Sheriff Sproul: Driving Drowsy

Sheriff Kevin Sproul

Tuesday, September 3rd, 2019

There has been a lot of emphasis lately on the dangers of driving distracted. While DUI and distracted driving are indeed the leading causes of highway deaths, there is another driver-related danger we should be aware of. Drowsiness can sneak up on you when you’re driving. In fact, according to a Centers for Disease Control, a study of 150,000 drivers across nearly 20 states, 4% reported that they had fallen asleep while driving at least once in the previous 30 days.

According to the National Institutes of Health, adults should get 7-8 hours of sleep per night. While this sounds pretty basic, many people can’t seem to budget that much time for sleep. Many more suffer from sleep disorders or have irregular sleep patterns due to shift work or other issues. Many of these factors contribute to drowsy driving. The National Highway Traffic Safety Administration estimates that up to 6,000 fatal crashes per year may be caused by drowsy drivers.

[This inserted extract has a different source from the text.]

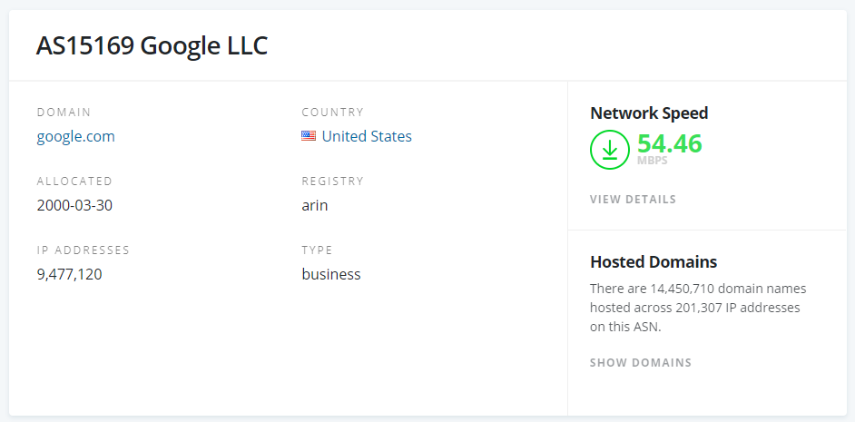 Each ISP usually have their own ( they can have more than 1 ) . ASN. For example one of main ASN in Google is: AS15169 registered to Google LLC, and this Autonomous System manages 9.5 millions IPs from Google:

Drowsiness can seriously impair a driver’s ability to pay attention to the road. Reaction time can be significantly slowed and judgment can be impaired as well. Driving late at night, between eleven p.m. and two a.m. is particularly dangerous for falling asleep at the wheel.

Here are some signs to watch for:

Yawning a lot.

Having trouble keeping your eyes open.

Not being able to concentrate.

Not remembering the last few minutes or seconds.

Jerking of your head or body from the brink of falling asleep.

The car wanders from the road or into another lane.

What to do:

Slow down.

Turn radio to a lively station, try singing.

Roll down window and get some fresh air for a few minutes, or turn vent on full blast.

Turn on music and sing out loud.

Talk to a passenger if you have one.

While these ideas may help for a few minutes, they won’t keep you awake for long if you’re very tired; so, as soon as you can you should:

Pull off road into a safe parking space, like a rest area. Lock the doors and take a nap.  The National Sleep Foundation recommends that you take a nap for 15-45 minutes.

Make a pit stop, use the bathroom and get a caffeinated beverage. Remember that it will take about 30 minutes to feel the effects.

The best way to prevent getting drowsy while driving is to get a good night’s sleep the night before your trip or take a nap before you leave. Avoid drinking alcohol or taking medications that make you sleepy. Develop good sleeping habits and try to stick to a schedule. If you have a sleep disorder (or have symptoms of a sleep disorder such as snoring or feeling sleepy during the day), talk to your doctor about treatment options.